INFO:     192.168.68.84:62622 - "POST /v1/ HTTP/1.1" 404 Not Found
INFO:     192.168.68.84:62623 - "POST /v1/chat HTTP/1.1" 404 Not Found
INFO:     192.168.68.84:62687 - "POST /v1/chat/completions HTTP/1.1" 500 Internal Server Error
ERROR:    Exception in ASGI application
Traceback (most recent call last):
  File "/usr/local/lib/python3.10/dist-packages/uvicorn/protocols/http/h11_impl.py", line 408, in run_asgi
    result = await app(  # type: ignore[func-returns-value]
  File "/usr/local/lib/python3.10/dist-packages/uvicorn/middleware/proxy_headers.py", line 84, in __call__
    return await self.app(scope, receive, send)
  File "/usr/local/lib/python3.10/dist-packages/fastapi/applications.py", line 1054, in __call__
    await super().__call__(scope, receive, send)
  File "/usr/local/lib/python3.10/dist-packages/starlette/applications.py", line 116, in __call__
    await self.middleware_stack(scope, receive, send)
  File "/usr/local/lib/python3.10/dist-packages/starlette/middleware/errors.py", line 186, in __call__
    raise exc
  File "/usr/local/lib/python3.10/dist-packages/starlette/middleware/errors.py", line 164, in __call__
    await self.app(scope, receive, _send)
  File "/usr/local/lib/python3.10/dist-packages/starlette/middleware/exceptions.py", line 62, in __call__
    await wrap_app_handling_exceptions(self.app, conn)(scope, receive, send)
  File "/usr/local/lib/python3.10/dist-packages/starlette/_exception_handler.py", line 55, in wrapped_app
    raise exc
  File "/usr/local/lib/python3.10/dist-packages/starlette/_exception_handler.py", line 44, in wrapped_app
    await app(scope, receive, sender)
  File "/usr/local/lib/python3.10/dist-packages/starlette/routing.py", line 746, in __call__
    await route.handle(scope, receive, send)
  File "/usr/local/lib/python3.10/dist-packages/starlette/routing.py", line 288, in handle
    await self.app(scope, receive, send)
  File "/usr/local/lib/python3.10/dist-packages/starlette/routing.py", line 75, in app
    await wrap_app_handling_exceptions(app, request)(scope, receive, send)
  File "/usr/local/lib/python3.10/dist-packages/starlette/_exception_handler.py", line 55, in wrapped_app
    raise exc
  File "/usr/local/lib/python3.10/dist-packages/starlette/_exception_handler.py", line 44, in wrapped_app
    await app(scope, receive, sender)
  File "/usr/local/lib/python3.10/dist-packages/starlette/routing.py", line 70, in app
    response = await func(request)
  File "/usr/local/lib/python3.10/dist-packages/fastapi/routing.py", line 299, in app
    raise e
  File "/usr/local/lib/python3.10/dist-packages/fastapi/routing.py", line 294, in app
    raw_response = await run_endpoint_function(
  File "/usr/local/lib/python3.10/dist-packages/fastapi/routing.py", line 191, in run_endpoint_function
    return await dependant.call(**values)

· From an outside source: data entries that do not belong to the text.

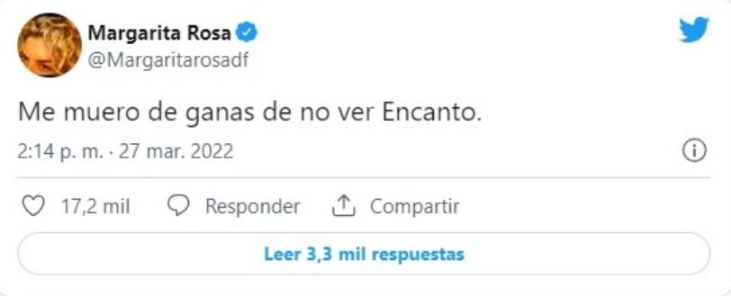 La actriz Margarita Rosa de Francisco había dicho a través de sus redes sociales su opinión sobre la película encanto pero luego que ganó el premio a Mejor Pelicula Animada los Oscars, le tocó borrar su tweet y cambiar de pensamiento.
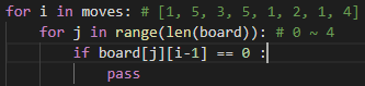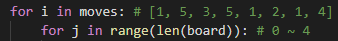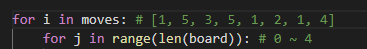 i = board를 j = moves를 사용해도 답을 구할 수 있을 것 같다.
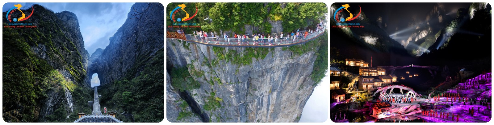 • “Đại Hiệp Cốc” hay còn gọi “Cầu Pha Lê” Cây cầu đáy kính nổi tiếng này rộng 6m, dài 430m, bắc qua 2 vách đá ở độ cao 300m và nhìn xuống công viên Trương Gia Giới, được xem là cây cầu cao và dài nhất thế giới (Bao gồm vé cầu kính).
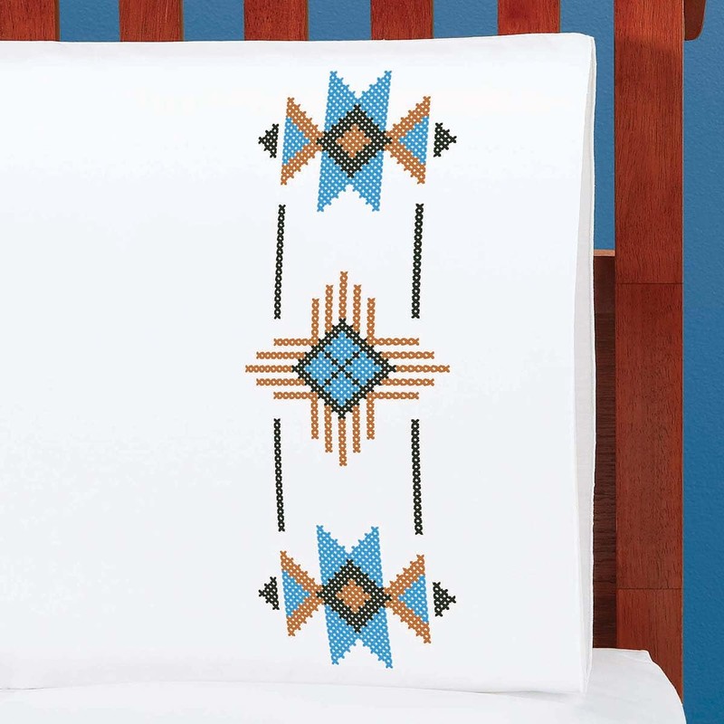 Herrschners Southwest Art Pillowcase Pair Stamped Cross-Stitch

  File "/app/app.py", line 91, in chat_completions
    return LLM(**c.model_dump()).chat(messages=c.messages)
  File "/app/local_llm/__init__.py", line 344, in chat
    data = self.generate(prompt=prompt)
  File "/app/local_llm/__init__.py", line 310, in generate
    formatted_prompt = format_prompt(
TypeError: 'bool' object is not callable
dspdavinci commented 8 months ago

format_prompt was defined as a function above, simply rename the boolean argument:

def generate(self, prompt, flag_format_prompt: bool = True):
    if flag_format_prompt:
        formatted_prompt = format_prompt(
            prompt=prompt,
            prompt_template=self.prompt_template,
            system_message=self.system_message,
        )
    tokens = get_tokens(formatted_prompt if flag_format_prompt else prompt)

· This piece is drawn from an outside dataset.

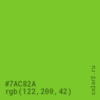 Цвет #7AC82A в цветовой модели RGB обозначается тремя октетами (122, 200, 42) в десятичном формате и #7AC82A в шестнадцатиричном (hex) формате, которые являются интенсивностью красного 122 (hex 7A), интенсивность зелёного 200 (hex C8) и интенсивность синего 42 (hex 2A).
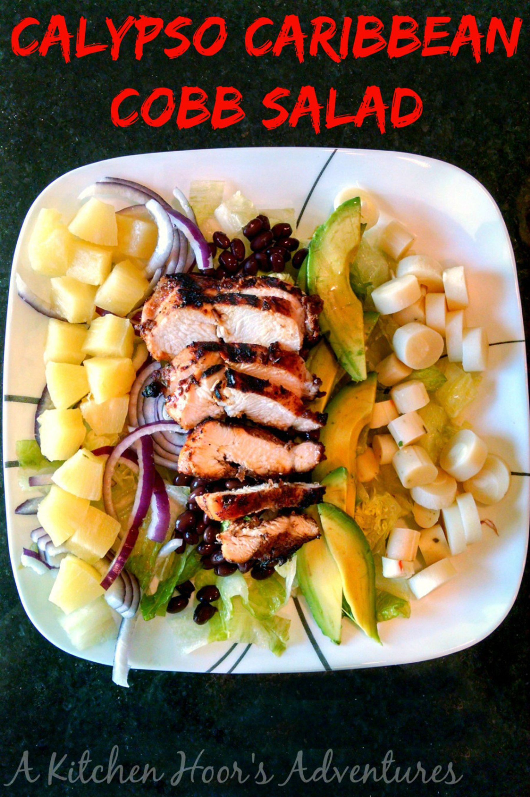A delicious Caribbean twist to the cobb salad, this #HotSummerEats Calypso Caribbean Cobb Salad has hearts of palm, pineapple, and jerk marinated chicken; transporting you to the islands.

    self.params["n_predict"] = int(self.max_tokens) - tokens
    self.params["n_ctx"] = int(self.max_tokens) - tokens
    llm = Llama(**self.params)
    data = llm(prompt=formatted_prompt if flag_format_prompt else prompt)
    data["model"] = self.model_name
    return data
Josh-XT commented 8 months ago

That is what I get for trying to add some quick functionality! It has been updated to fix this issue. Thank you for reporting. Please update and the issue will be gone.